The research director for London-based Chelsea Financial Services said: “It will create some nervousness in markets. There has been a nervousness around sovereign debt in Europe, which has been largely washed away by Mario Draghi.

“But there is still concern around the emerging markets, what with the end of quantitative easing, a default could cause jitters.”

Pressure on Russia can also lead to a default. However, others argued that the effect of the failed last-minute talks between Argentina and creditors over $1.3bn (£770m) of debt would be limited.

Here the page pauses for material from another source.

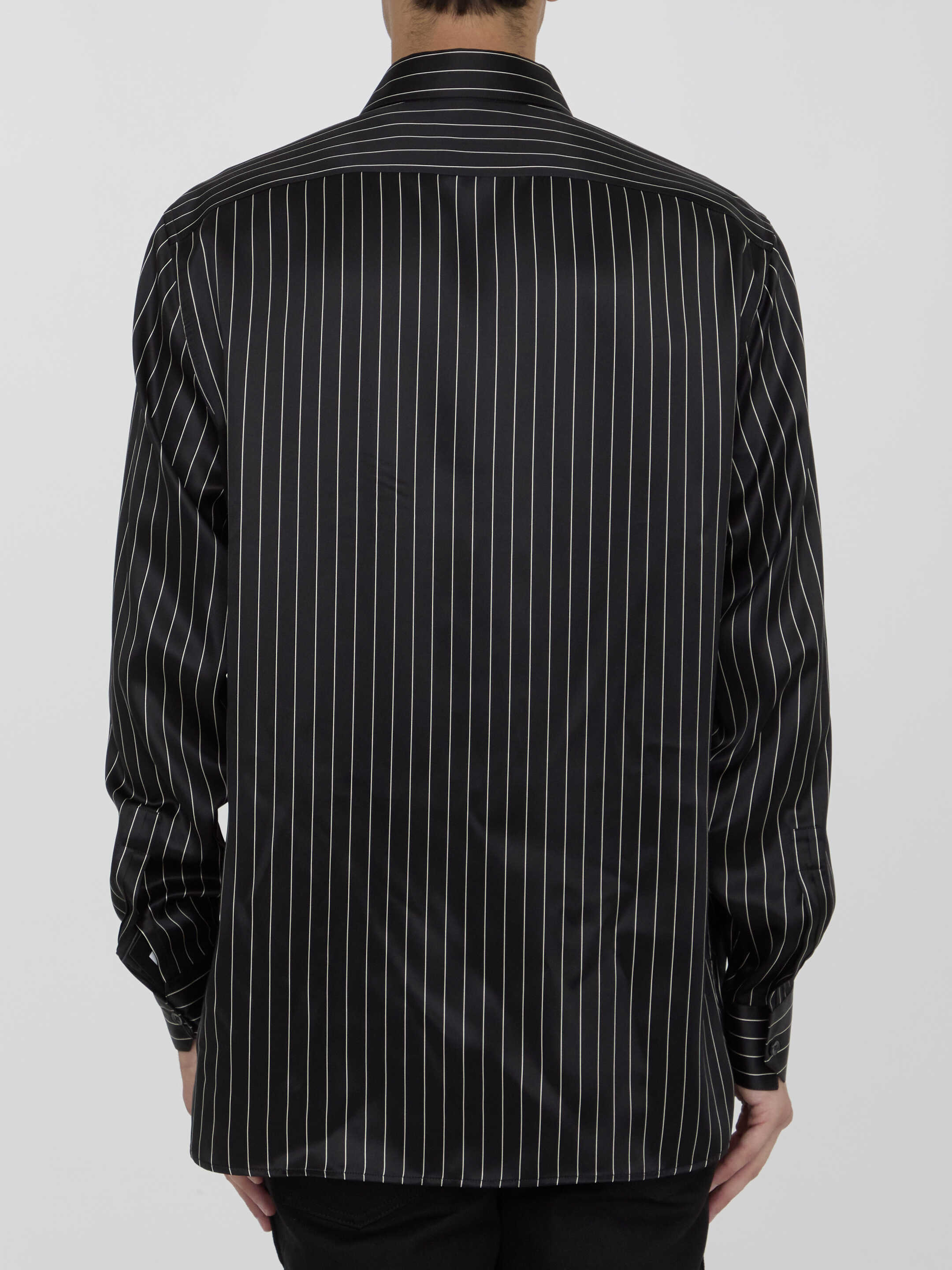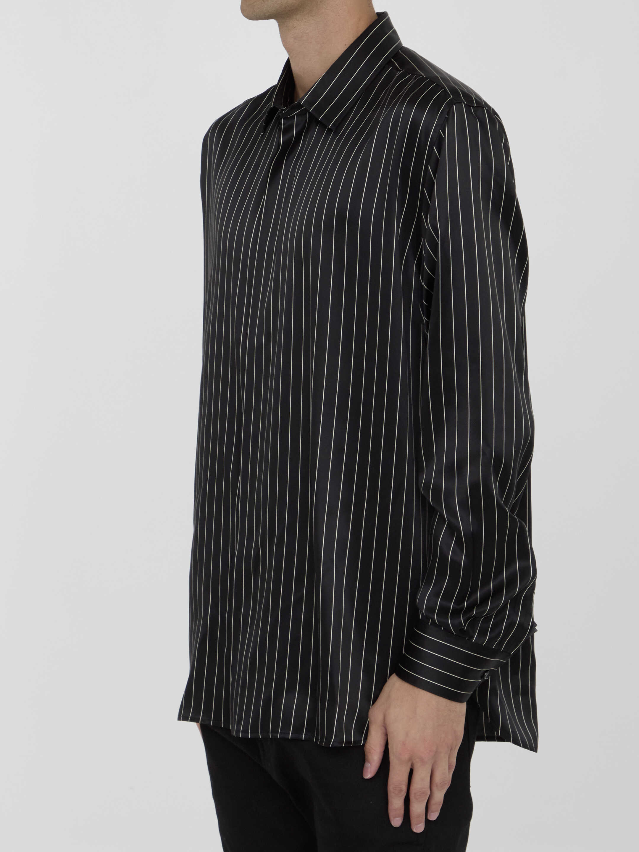 Long-sleeved shirt in black silk satin with off-white stripes. It features pointed Yves collar, front concealed button closure and single-button cuffs. Regular fit.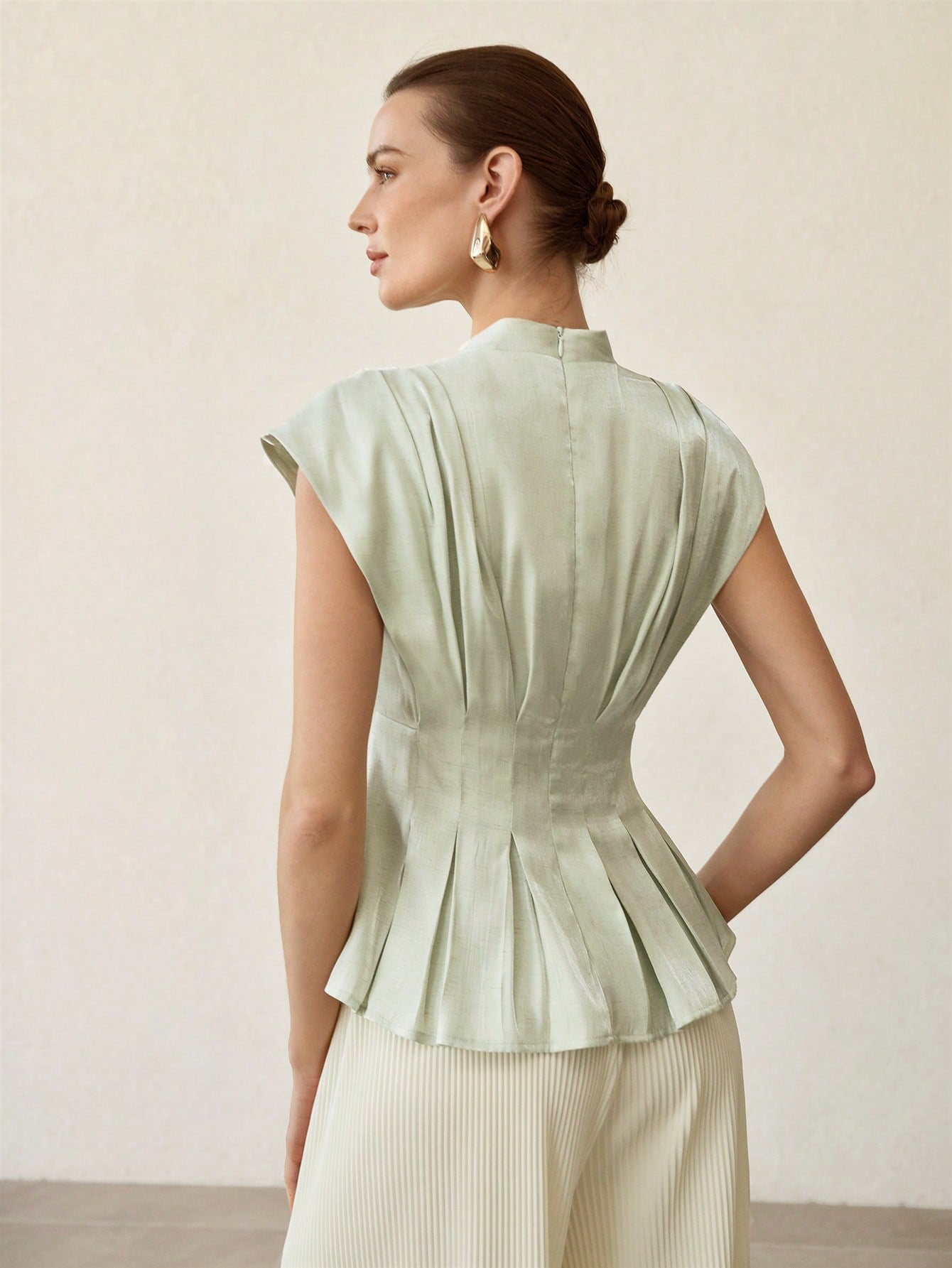 CM-TS148037 Women Elegant Seoul Style V-Neck Sleeveless Cinched Waist Faux Linen Top - Green

Adam Samuel, a financial services lawyer and banking expert, said: “In terms of the world’s economy, it is probably relatively harmless. We have got the world coming out of a whopping big recession. If institutions are not heavily exposed (to Argentina) then it will not matter too much.”

Guy Stephens, managing director of portfolio management firm Rowan Dartington Signature, said: “It seems to me this is small-scale relative to the Greece problem or anything in China. It’s not unexpected and not plugged into the global financial system.”

Steve Ellis, portfolio manager for the $817m (£483m) Fidelity Emerging Market Debt fund, said: “We expect contagion to other markets to be fairly limited. This is a highly technical legal case and a selective default.

“However, there will be remaining risks around a longer term default which would have negative impacts on the Argentine economy.”

Following the talks Axel Kicillof, minister of economy for Argentina, gave a statement saying the government would not “sign any commitment to compromise the future of Argentina.”

Shortly before talks failed, Standard & Poor’s placed the country’s credit rating on “selective default” after it failed to make a $539m (£319m) interest payment on its debt in time.

Adviser view

Andrew Johnston, a partner at London-based Holden & Partners, said: “I would be concerned that there are problems but things seem to be carrying on.

“You need a couple more of these to happen and suddenly people will wake up.”